_PROBLEM DESCRIPTION_:
Return only those lines of the listing that hold the word "لحركة".

_SOURCE RECORDS_:
• • • •

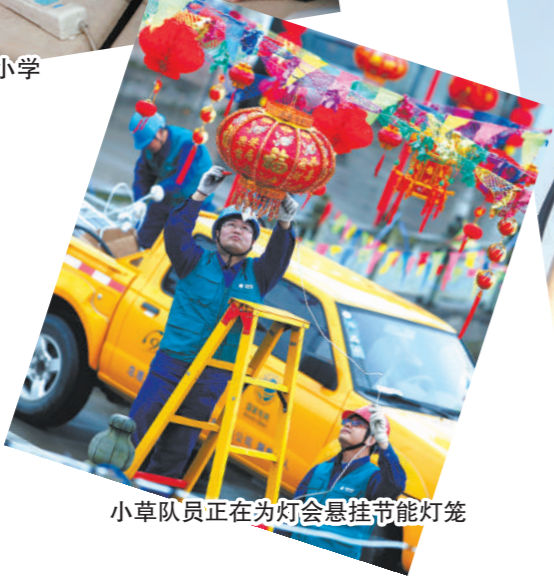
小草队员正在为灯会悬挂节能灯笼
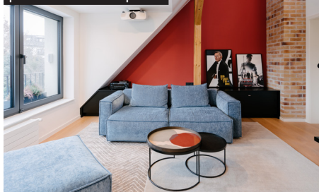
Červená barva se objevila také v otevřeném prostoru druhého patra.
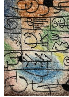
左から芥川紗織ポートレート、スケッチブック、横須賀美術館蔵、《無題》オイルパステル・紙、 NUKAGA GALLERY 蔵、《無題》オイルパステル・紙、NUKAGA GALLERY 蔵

• • • •

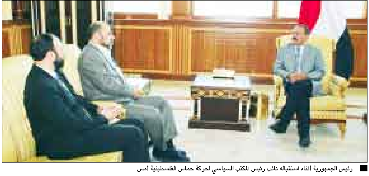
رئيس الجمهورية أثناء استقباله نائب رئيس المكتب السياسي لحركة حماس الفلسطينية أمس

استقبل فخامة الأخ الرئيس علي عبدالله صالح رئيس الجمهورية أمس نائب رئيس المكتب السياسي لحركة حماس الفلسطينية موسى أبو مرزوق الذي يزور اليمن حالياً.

• • • •

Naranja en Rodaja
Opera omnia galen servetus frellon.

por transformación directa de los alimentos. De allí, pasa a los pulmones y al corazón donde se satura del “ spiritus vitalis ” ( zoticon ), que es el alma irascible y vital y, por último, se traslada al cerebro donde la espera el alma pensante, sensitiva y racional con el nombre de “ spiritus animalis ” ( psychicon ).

• • • •

_RESULT BELOW_:
رئيس الجمهورية أثناء استقباله نائب رئيس المكتب السياسي لحركة حماس الفلسطينية أمس
استقبل فخامة الأخ الرئيس علي عبدالله صالح رئيس الجمهورية أمس نائب رئيس المكتب السياسي لحركة حماس الفلسطينية موسى أبو مرزوق الذي يزور اليمن حالياً.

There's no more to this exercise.